In keeping with my emergent tradition of posting both during and after a conference, I offer a few scattered reflections on this year's Kalamazoo conference. In a word, it was one of the most enjoyable conferences I've attended. Highlights:

  • The BABEL sessions on humanism and theory in the Middle Ages. Both left me with far more questions than answers -- were you to ask me, I'd still be unable to define "humanism" in a way that gets at what is essential about the term, nor could I state much that isn't diffuse about what how medieval studies and theory share futures ... but the latter panel especially contained much that is provocative and will inform my thinking for some time to come.
  • The linked sessions on space in romance did an admirable job of combining the blah blah blah of ossified professors like yours truly with sterling work by graduate students. In retrospect, the voices missing from the above two panels were the most important: those of the scholars just being trained for or just entering the profession at this moment.
  • The session on queer theory and feminism.
  • The blogger breakfast, in which I learned that most people were squarely what I expected from their blogs. And I mean that in a good way. The only surprise was me: I found myself at once both more and less intimidating than usual. Also, lighter haired and shorter than is my custom.
  • The book exhibits have grown enormously. It was so much fun to be lost there.
  • Getting to know Daniel Kline (he has an excellent book on medieval children's literature, and one of the most moving essays on loss I've read - it combines the medieval and the personal in ways that bring a tear to my eye every time I read it)
  • Tapas with Valerie Allen, whose book On Farting is one of my favorite pieces of recent scholarship. It's neither full of hot air nor stinky. And I envy its prose style.
  • Meeting Eileen Joy in the flesh. Though I don't think I incarnated her mental image of me, she was 99.99999% exactly what I expected.
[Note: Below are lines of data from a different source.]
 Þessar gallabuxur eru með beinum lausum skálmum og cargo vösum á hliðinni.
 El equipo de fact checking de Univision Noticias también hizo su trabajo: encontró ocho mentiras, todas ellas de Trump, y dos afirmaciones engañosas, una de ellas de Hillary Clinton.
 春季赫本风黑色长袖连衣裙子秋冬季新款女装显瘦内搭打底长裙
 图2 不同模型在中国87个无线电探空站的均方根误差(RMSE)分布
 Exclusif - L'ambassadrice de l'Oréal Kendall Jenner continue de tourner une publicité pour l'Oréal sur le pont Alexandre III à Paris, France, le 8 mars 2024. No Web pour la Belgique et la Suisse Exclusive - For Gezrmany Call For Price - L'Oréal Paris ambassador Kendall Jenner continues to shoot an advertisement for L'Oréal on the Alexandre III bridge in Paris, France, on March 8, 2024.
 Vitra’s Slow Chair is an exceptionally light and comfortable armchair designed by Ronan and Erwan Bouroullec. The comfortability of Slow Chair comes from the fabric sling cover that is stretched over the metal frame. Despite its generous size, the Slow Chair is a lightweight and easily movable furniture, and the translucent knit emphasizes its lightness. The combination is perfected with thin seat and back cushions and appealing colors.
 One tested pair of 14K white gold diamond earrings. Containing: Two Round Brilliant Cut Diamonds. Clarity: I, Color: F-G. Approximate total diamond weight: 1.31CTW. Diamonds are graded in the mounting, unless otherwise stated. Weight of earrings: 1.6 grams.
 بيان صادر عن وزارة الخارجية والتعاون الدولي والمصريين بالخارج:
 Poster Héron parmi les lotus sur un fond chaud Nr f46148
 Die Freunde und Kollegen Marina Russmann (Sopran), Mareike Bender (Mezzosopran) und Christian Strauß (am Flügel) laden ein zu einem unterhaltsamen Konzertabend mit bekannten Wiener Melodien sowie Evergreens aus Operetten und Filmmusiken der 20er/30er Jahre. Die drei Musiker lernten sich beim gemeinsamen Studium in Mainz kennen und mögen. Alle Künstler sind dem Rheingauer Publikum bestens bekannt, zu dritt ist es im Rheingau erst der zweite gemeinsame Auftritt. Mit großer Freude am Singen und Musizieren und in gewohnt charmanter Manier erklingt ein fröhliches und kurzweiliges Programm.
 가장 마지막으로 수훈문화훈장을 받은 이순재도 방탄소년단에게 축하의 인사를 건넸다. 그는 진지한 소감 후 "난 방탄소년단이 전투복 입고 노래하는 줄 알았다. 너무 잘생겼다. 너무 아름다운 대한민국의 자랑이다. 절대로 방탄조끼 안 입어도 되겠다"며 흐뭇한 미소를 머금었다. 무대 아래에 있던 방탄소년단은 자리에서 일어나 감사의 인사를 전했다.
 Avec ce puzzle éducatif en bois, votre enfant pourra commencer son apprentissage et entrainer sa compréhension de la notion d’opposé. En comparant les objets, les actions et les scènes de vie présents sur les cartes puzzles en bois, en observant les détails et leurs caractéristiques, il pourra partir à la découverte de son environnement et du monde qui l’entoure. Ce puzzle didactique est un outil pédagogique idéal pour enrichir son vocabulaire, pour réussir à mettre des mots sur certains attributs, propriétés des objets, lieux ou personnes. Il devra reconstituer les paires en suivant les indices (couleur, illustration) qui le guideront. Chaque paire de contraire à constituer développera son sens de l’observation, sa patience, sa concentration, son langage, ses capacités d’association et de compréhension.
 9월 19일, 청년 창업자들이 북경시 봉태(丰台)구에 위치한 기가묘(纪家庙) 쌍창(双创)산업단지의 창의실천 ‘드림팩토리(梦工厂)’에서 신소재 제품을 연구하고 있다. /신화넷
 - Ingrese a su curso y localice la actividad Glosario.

Again, I mean that in a good way.
  • Spending some time with some young medievalists whose work will make a large imapct on the field (Karl Steel, Michael Wenthe, Jonathan Hsy, Mary Kate Hurley, Jon Williams, Randy Schiff .... and the many I am amnesiatically leaving out whom I met quickly after panels and in between sessions).
  • Running in to Carolyn Dinshaw, who also had not been to the Zoo in a decade, and both of us remarking that it was like encountering earlier versions of our selves from a new point of view.
  • For the price of admission, having free use of the sauna. Those were saunas that we were sitting in for all those sessions, right? Because I had to wring the sweat out of my clothing when I returned to my room each evening. I assume that the torpid heat was an amenity.
  • When I first came to the Zoo, I kept a scorecard of monks and nuns spotted. In that spirit, I offer this year's tally: three nuns and two monks (actually I may have glimpsed the same Cistercian twice and might be double counting).
  • My annual award for the Best Coiffed Medievalist: Bonnie Wheeler, Women's Division; Nicola Masciandro, Men's Division. As longtime readers know, I believe that medievalist should have hair clubs like scientists do.
Here's hoping that you enjoyed yourself as much as I did. Or, if you didn't attend, think about doing so in the future.


N50 said...

Humanism - it continues to bug me - specifically the relationship between literature/philosophy and the sometimes more material approaches of history/archaeology - and trying to fully articulate my concern with people like Karl saying that what happened in the past doesn't matter - only perception matters. The more experience I have of cross disciplinary humanisms (and the influence of post-structual philosophies in all of them) the more confused I feel. Maybe I'll try a coherent post about this some day. Meanwhile I hope you do post the Babel sessions - I am definitely intrigued.

Karl Steel said...

Karl saying that what happened in the past doesn't matter

Hm? Where did I say that?

Eileen Joy said...

Quick note just to say that, yes, N50, the BABEL humanisms papers will be up and running at the BABEL website within the week, and I'll post on the link for that here, too. Also, the BABEL manifesto will be posted here, likely today or tomorrow. Cheers.

N50 said...

Most immediately I had this in mind (from discussion of 12thc anarchy).

"Karl Steel said...
I agree that what's important isn't what 'really happened' but the representation of the period by contemporary writers.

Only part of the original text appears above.